#### SUPPLIED RECORDS

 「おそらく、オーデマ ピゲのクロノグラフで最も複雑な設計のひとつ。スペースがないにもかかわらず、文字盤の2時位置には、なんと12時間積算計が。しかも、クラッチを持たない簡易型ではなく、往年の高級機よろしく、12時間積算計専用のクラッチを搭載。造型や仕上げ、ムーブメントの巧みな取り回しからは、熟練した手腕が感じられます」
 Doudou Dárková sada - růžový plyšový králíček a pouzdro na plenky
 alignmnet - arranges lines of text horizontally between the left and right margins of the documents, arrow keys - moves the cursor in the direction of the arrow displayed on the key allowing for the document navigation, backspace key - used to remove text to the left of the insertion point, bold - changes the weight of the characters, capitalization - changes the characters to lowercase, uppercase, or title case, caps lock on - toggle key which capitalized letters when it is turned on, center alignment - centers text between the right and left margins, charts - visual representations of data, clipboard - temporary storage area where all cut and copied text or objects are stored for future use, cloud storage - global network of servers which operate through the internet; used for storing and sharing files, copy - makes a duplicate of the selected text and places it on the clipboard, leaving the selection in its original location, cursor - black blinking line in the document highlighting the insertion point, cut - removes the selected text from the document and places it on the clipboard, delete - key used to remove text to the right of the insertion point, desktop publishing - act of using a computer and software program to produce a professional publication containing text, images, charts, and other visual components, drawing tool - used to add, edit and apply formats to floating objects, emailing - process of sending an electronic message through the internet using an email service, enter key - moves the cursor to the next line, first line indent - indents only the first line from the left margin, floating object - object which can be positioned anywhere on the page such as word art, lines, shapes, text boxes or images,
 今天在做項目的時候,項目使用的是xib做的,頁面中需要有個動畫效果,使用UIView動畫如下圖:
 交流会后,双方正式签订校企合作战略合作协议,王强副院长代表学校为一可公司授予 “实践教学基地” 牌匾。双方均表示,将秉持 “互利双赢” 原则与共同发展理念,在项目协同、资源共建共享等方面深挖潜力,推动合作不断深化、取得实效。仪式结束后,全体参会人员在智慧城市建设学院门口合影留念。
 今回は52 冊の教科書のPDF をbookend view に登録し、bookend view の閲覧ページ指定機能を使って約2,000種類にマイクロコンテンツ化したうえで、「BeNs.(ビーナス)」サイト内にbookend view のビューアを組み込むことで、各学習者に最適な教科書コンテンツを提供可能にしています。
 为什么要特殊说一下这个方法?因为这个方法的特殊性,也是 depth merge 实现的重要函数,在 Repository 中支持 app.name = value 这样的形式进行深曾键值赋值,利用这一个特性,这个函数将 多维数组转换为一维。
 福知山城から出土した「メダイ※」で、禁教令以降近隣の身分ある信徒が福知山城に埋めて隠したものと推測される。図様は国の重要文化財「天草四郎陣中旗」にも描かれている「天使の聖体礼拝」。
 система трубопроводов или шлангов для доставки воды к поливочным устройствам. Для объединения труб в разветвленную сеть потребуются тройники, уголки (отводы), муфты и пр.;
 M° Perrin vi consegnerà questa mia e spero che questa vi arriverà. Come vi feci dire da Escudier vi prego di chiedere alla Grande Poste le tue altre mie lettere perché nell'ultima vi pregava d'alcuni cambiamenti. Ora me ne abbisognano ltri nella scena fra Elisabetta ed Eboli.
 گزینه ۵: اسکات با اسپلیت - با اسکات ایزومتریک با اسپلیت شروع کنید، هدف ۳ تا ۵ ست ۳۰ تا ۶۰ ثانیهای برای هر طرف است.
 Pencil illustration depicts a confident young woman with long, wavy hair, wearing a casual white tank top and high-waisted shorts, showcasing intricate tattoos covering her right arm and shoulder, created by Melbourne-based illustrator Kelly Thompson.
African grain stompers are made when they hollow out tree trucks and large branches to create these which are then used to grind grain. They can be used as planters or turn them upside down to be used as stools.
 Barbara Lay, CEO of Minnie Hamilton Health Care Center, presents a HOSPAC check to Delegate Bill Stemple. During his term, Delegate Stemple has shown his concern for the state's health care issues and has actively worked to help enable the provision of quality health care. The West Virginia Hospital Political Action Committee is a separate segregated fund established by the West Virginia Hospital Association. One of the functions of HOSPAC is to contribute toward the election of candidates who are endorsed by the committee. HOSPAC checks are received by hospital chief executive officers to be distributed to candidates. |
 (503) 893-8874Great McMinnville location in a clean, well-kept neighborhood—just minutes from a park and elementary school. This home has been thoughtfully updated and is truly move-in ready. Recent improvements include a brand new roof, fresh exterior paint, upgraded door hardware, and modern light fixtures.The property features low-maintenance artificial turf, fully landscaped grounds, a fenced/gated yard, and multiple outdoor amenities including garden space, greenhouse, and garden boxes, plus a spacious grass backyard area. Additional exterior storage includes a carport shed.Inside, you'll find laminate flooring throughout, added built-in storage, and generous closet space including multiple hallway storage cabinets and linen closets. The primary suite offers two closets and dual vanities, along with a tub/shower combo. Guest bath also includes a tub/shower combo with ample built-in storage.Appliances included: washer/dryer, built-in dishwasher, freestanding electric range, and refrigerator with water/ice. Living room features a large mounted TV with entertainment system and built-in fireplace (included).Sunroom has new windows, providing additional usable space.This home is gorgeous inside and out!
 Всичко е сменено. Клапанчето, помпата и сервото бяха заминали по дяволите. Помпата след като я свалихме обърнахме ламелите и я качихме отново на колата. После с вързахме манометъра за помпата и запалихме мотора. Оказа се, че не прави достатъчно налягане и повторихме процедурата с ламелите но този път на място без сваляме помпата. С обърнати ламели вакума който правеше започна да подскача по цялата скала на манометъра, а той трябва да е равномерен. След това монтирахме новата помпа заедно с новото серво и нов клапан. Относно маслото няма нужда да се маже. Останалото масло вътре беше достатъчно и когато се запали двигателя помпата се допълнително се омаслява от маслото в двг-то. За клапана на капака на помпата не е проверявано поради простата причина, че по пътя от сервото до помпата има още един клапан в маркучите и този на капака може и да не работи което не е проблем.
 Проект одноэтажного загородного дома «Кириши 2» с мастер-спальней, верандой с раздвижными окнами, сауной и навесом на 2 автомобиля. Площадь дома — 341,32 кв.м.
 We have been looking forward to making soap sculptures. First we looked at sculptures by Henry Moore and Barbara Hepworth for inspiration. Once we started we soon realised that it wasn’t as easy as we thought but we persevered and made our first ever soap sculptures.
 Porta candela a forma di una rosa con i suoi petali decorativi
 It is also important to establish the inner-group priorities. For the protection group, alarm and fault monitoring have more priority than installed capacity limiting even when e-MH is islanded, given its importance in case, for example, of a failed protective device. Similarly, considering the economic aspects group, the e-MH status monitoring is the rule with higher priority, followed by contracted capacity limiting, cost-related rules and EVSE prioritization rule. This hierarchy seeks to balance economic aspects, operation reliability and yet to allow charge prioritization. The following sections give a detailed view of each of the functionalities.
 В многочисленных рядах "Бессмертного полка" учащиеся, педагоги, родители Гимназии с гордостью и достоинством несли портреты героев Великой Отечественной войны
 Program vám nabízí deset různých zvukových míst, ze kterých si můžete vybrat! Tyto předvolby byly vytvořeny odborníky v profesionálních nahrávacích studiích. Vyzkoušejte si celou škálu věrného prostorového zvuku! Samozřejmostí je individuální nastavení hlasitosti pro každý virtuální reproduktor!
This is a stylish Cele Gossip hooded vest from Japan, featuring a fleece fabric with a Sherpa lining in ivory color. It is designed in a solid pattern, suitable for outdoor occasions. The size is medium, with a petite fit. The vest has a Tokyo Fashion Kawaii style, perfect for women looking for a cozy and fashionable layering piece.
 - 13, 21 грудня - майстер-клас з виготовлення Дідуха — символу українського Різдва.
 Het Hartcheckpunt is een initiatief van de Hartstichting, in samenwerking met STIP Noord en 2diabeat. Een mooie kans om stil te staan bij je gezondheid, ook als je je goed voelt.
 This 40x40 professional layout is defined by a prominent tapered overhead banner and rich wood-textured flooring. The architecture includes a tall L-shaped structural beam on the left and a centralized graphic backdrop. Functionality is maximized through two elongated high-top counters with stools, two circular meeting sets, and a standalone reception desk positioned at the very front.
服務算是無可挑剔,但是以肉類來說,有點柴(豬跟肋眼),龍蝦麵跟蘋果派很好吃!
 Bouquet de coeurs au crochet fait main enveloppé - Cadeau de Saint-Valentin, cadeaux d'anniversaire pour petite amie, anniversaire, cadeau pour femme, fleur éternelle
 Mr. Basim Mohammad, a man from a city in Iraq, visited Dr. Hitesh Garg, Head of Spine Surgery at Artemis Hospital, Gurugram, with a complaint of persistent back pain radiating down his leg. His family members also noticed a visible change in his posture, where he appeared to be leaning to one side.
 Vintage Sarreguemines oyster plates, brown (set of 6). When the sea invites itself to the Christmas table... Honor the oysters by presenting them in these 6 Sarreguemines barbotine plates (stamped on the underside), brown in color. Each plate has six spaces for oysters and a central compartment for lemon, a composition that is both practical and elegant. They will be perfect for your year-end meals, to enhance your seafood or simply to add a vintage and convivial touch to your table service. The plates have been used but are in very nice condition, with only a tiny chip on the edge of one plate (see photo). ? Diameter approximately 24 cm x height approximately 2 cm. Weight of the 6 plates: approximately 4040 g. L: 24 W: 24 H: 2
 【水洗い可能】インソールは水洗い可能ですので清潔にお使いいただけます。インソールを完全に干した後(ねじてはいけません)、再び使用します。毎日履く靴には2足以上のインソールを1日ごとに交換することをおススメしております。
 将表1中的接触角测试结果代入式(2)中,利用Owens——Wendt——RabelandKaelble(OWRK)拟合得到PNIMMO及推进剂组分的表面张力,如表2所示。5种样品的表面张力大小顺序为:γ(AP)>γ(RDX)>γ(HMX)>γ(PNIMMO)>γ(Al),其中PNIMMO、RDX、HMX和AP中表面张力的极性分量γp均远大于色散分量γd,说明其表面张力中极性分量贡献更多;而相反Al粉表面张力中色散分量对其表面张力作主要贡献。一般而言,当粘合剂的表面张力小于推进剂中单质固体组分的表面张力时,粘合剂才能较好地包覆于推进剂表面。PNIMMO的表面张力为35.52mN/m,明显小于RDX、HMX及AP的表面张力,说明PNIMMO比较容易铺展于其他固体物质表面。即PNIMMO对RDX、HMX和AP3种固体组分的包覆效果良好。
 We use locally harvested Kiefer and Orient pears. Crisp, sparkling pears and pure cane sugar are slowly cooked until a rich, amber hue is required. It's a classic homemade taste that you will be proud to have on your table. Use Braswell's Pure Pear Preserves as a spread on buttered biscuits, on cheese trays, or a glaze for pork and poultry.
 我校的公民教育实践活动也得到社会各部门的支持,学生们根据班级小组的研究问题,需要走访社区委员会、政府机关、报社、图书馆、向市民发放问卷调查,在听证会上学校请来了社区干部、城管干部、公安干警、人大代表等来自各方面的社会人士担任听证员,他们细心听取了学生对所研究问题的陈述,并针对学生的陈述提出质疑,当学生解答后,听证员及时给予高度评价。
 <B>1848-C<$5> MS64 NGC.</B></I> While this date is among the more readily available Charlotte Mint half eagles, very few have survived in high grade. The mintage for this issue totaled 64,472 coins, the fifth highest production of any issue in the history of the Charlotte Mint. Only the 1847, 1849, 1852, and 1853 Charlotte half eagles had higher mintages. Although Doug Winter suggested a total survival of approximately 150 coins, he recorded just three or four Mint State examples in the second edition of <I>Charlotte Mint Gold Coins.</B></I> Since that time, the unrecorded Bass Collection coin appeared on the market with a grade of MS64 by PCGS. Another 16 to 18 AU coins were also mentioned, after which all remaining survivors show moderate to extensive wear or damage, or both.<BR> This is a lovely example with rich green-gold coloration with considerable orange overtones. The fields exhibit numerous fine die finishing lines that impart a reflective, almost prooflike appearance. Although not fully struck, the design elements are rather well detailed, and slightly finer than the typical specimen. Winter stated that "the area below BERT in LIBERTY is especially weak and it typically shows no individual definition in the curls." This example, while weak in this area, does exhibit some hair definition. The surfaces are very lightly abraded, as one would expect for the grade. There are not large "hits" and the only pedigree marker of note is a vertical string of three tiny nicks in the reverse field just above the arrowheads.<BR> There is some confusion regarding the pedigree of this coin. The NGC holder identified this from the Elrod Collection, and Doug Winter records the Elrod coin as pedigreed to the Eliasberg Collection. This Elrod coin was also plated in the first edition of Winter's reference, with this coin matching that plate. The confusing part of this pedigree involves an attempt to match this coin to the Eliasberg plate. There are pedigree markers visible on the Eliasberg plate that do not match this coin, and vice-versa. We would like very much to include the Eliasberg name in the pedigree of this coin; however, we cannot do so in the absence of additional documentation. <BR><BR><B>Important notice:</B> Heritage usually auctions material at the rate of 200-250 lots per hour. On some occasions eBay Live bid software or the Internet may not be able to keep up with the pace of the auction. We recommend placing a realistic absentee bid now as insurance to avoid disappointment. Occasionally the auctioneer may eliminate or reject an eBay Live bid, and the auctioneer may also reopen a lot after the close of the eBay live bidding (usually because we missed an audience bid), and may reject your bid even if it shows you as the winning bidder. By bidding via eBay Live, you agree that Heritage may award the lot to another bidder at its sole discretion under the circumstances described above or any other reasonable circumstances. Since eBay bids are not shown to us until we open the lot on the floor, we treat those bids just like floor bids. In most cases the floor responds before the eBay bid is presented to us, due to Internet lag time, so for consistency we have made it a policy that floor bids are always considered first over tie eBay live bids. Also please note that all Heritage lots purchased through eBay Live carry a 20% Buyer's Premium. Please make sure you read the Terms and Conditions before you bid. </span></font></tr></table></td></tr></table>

#### TASK TO COMPLETE
Take from the material above every line that includes the word "petite".

#### SOLUTION TO THE PROBLEM
This is a stylish Cele Gossip hooded vest from Japan, featuring a fleece fabric with a Sherpa lining in ivory color. It is designed in a solid pattern, suitable for outdoor occasions. The size is medium, with a petite fit. The vest has a Tokyo Fashion Kawaii style, perfect for women looking for a cozy and fashionable layering piece.
 Bouquet de coeurs au crochet fait main enveloppé - Cadeau de Saint-Valentin, cadeaux d'anniversaire pour petite amie, anniversaire, cadeau pour femme, fleur éternelle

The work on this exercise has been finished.